Toutes ces considérations mises en avant par un marché en quête de renouveau masquent cependant l’essentiel. En effet, une tempête dans le monde des télécommunications se profile à l’horizon : la 5G, c’est surtout l’occasion d’assurer une bascule immédiate entre technologies cuivre (xDSL) vers le mobile et la fibre et d’arriver, enfin, à une reconfiguration majeure au travers d’une consolidation attendue. Par les investissements et la couverture en fibre qu’elle nécessite, la 5G est un marché dédié aux gros : les acteurs alternatifs vont devoir faire des choix structurants dans les années à venir.

 

La 5G, moteur du développement durable ?

Certains pourraient croire que l’affirmation est plus qu’osée, surtout si les antennes relais doivent être démultipliées pour cause de moindre portée. Cependant trois grands pans de l’écologie n’y trouvent que des avantages : la consommation d’énergie, la consommation des fluides et la pollution. Déjà parce que les devices équipés en 5G consommeront en valeur absolue moins d’énergie.

Ensuite parce que la simplification de la collecte de données lancera l’ère du déploiement massif de l’IoT et permettra d’optimiser en priorités les projets de pilotage des énergies et des fluides (optimisation, régulation, performance).

Enfin, parce que le travail en mobilité (déplacement à convenance ou home office sécurisé) pourra pleinement se développer, engendrant des baisses significatives de pollution automobile, permettant par la même occasion de contribuer à proposer des alternatives viables aux problèmes insolubles de transports de multiples métropoles, non pas par de nouvelles méthodes mais par une meilleure modulation (optimiser et densifier les usages de voirie, c’est augmenter la capacité sans investir un centime de capex).

 

La 5G : tout rester à imaginer (Iot, big data,…)

La précédente révolution dans les télécommunications aura rassemblé les opérateurs fixes et mobiles au travers d’offres triple play, convergence et autre mobilité. Dans un monde software defined piloté par les opérateurs, une consolidation plus large risque de s’ouvrir avec une reconfiguration en profondeur des différents acteurs de l’économie.
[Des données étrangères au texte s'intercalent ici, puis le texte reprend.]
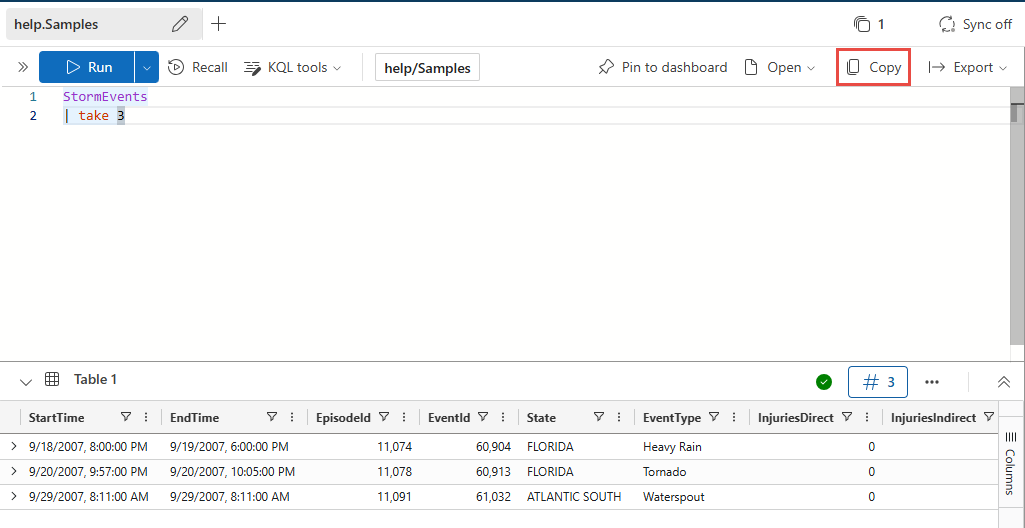 | Copiare i risultati della query negli Appunti | Copiare i risultati della query negli Appunti. Per una maggiore sicurezza, la query condivisa viene aperta in Esplora dati di Azure in modalità protetta. |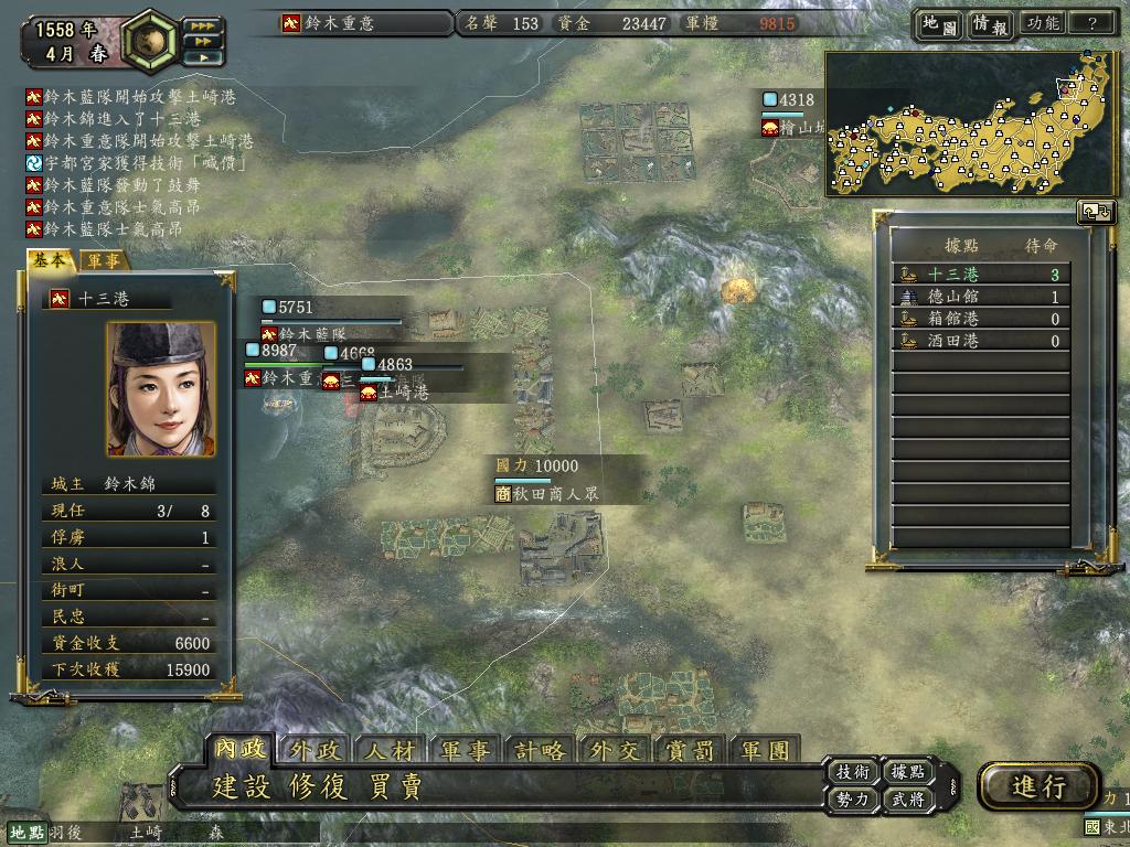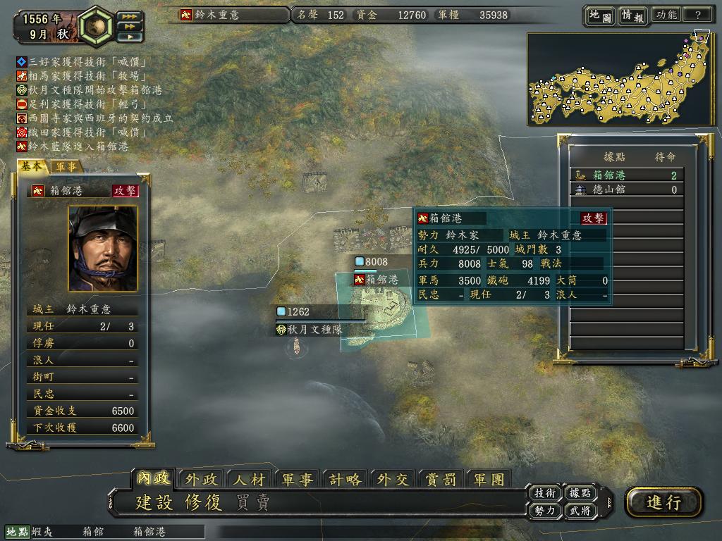 俺一直比较喜欢铃木家,在北海道当然比在纪州惨的多,55尾张剧本围下筒井很轻松,就是围不下,偷也很容易,有了百地、岛猛男、泷川基本就在近畿无敌了。应仁这个剧本初期的铃木,就是一个字-龟,然后相时而动,利用铁炮的优势港口作战,一旦拿下大友和岛津,大友的风雷二神足轻在前面顶着,重秀+岛津四兄弟在后面放铁炮,怎一个爽字了得

Le business model de la 5G pose la question de la mutualisation des réseaux et de la consolidation des positions de marché chez les plus gros opérateurs, alors même qu’ils n’ont aucune garantie d’un retour sur investissement à court ou moyen terme.

Les annonces sont prometteuses et le potentiel absolument formidable, mais tout reste à imaginer. Les usages sont la clé et les business models multiples, par l’annonce même de la transformation des métiers en lien direct avec l’IoT et le Big Data.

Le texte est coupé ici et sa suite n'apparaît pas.